Testable Kubernetes Operators

Posted on Nov 21, 2020

Kubernetes operators have been used more commonly throughout the Kubernetes community to automate workflows, manage applications and infrastructure. These usecases have produced complex operators which need to be tested properly to ensure that they are working as intended. Testing operators in practice has been a difficult task - unit tests can only cover a limited scope of logic (even with mocks like k8sfakeclient) and e2e tests (while offering a wider scope) are plagued by a common issue: flapping.
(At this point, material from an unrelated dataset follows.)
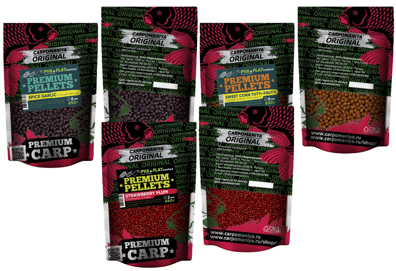 Карп хоть и считается обжорой, но бывают периоды, когда он реагирует только на определенные ароматы. Кормовой пеллетс, производимый для искусственного выращивания рыбы, как правило, не имеет в составе никаких ароматических компонентов, поэтому плохо подходит для карповой рыбалки на большинстве водоемов. Гораздо эффективнее на их фоне выглядит аналогичная продукция рыболовных компаний, предназначенная для любительской и спортивной ловли. Гранулы могут иметь самые разные ароматы, но лучше всего работают:

To understand why e2e tests for kubernetes operators are prone to flapping, we first need to understand what a kubernetes operator exactly is and which components it communicates with. The operator pattern shows us two reasons for the increased flappiness:

Hard dependencies on external components
Eventual consistency

Kubernetes offers some concepts to improve the stability of our operators. Finalizers to prevent most issues with missed deletion events and deletion inconsistencies. ResourceVersion as a way of preventing most race conditions between operators and finally the CR status as an effective means to failing fast during tests. Working on our own operators at giantswarm we additionally implemented some best practices to make testing more reliable:

Always collect all possible logs during tests
Do not wait more than a few seconds during reconciliation
Do not get complacent about flapping, issues are often actual issues in your implementation.

Using these techniques and best practices, we were able to improve the reliability of our e2e tests massively. The goal of an easily and reliably testable kubernetes operator is unfortunately not quite reached yet.